New in scipy version 0.17.0.
assume_sorted (bool, optional) – If False, values of x can be in any order and they are sorted first. If True, x has to be an array of monotonically increasing values.
- Returns:
y_new (ndarray) – y values interpolated at x_new.
Remarks
——-
Uses scipy.interpolate.interp1d. Optional arguments are passed to scipy.interpolate.interp1d, see https (//docs.scipy.org/doc/scipy/reference/generated/scipy.interpolate.interp1d.html)
- rampy.spectranization.shiftsp(sp, shift)
Shift the X axis (frequency, wavenumber, etc.) of a given value.
- Parameters:
sp (ndarray) – An array with n columns, the first one should contain the X axis (frequency, wavenumber, etc.)
shift (float) – The shift value to apply.
- Returns:
sp – The same array but sorted such that the values in the first column are in increasing order.
- Return type:
ndarray
- rampy.spectranization.spectraoffset(spectre, oft)
Vertical offset your spectra with values in offsets
- Parameters:
spectre (ndarray) – array of spectra constructed with the spectrarray function
oft (ndarray) – array constructed with numpy and containing the coefficient for the offset to apply to spectra
- Returns:
out – Array with spectra separated by offsets defined in oft
- Return type:
ndarray
- rampy.spectranization.spectrarray(name, sh, sf, x)
Construct a general array that contain common X values in first columns and all Y values in the subsequent columns.
- Parameters:
name (ndarray) – Array containing the names of the files (should work with a dataframe too).
sh (int) – Number of header line in files to skip.
sf (int) – Number of footer lines in files to skip.
x (ndarray) – The common x axis.
- Returns:
An array with the common X axis in first column and all the spectra in the subsequent columns.
- Return type:
out
- rampy.spectranization.spectrataux(spectres)
Calculate the increase/decrease rate of each frequencies in a set of spectra.
- Parameters:
spectres (ndarray) – An array of spectra containing the common X axis in first column and all the spectra in the subsequent columns. (see spectrarray function)
- Returns:
taux – The rate of change of each frequency, fitted by a 2nd order polynomial functions.
- Return type:
ndarray
rampy.tlcorrection module
- rampy.tlcorrection.tlcorrection(x, y, temp, wave, **kwargs)
correct spectra from temperature and excitation line effects.
- Parameters:
x (ndarray) – Raman shifts in cm-1
y (ndarray) – Intensity values as counts
temp (float) – Temperature in °C
wave (float) – wavenumber of the laser that excited the sample, in nm
correction (string, optional) – Equation used for the correction.
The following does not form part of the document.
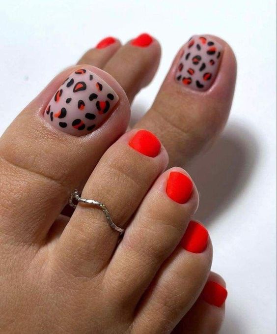 Venture into the wild side of summer with a pedicure that roars in style. The matte finish of the warm, sunset orange paired with a fierce leopard print on a nude background is a bold statement. It’s a perfect matching set for tan skin beauties ready to embrace their inner lioness. This look will elevate a simple pair of sandals to a fashion statement, ideal for any beach adventure or urban safari.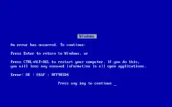 Når fejlen opstår i Windows, er det tit en kritisk fejl i operativsystemet, og fænomenet er mest kendt fra Windows 95, 98 og Me.

Choose between ‘long’, ‘galeener’, or ‘hehlen’. Default = ‘long’.
normalisation (string, optional) – Data normalisation procedure. Choose between ‘intensity’, ‘area’, or ‘no’. Default = ‘area’.
density (float, optional) – The density of the studied material in kg m-3, to be used with the ‘hehlen’ equation. Default = 2210.0 (density of silica).
- Returns:
x (1darray) – Raman shifts values.
long (1darray) – corrected intensities.
eselong (1darray) – errors calculated as sqrt(y) on raw intensities and propagated after the correction.
Remarks
——-
This correction uses the formula reported in Galeener and Sen (1978), Mysen et al. (1982), Brooker et al. (1988) and Hehlen et al. (2010).
The ‘galeener’ equation is the exact one reported in Galeener and Sen (1978), which is a modification from Shuker and Gammon (1970) for accounting of (vo - v)^4 dependence of the Raman intensity. See also Brooker et al. (1988) for further discussion.
The ‘long’ equation is that of Galeener and Sen (1978) corrected by a vo^3 coefficient for removing the cubic meter dimension of the equation of ‘galeener’. This equation has been used in Mysen et al. (1982), Neuville and Mysen (1996) and Le Losq et al. (2012).
The ‘hehlen’ equation is that reported in Hehlen et al. (2010). It actually originates before this publication (Brooker et al. 1988). It uses a different correction that avoid crushing the signal below 500 cm-1. THerefore, it has the advantage of keeping intact the Boson peak signal in glasses.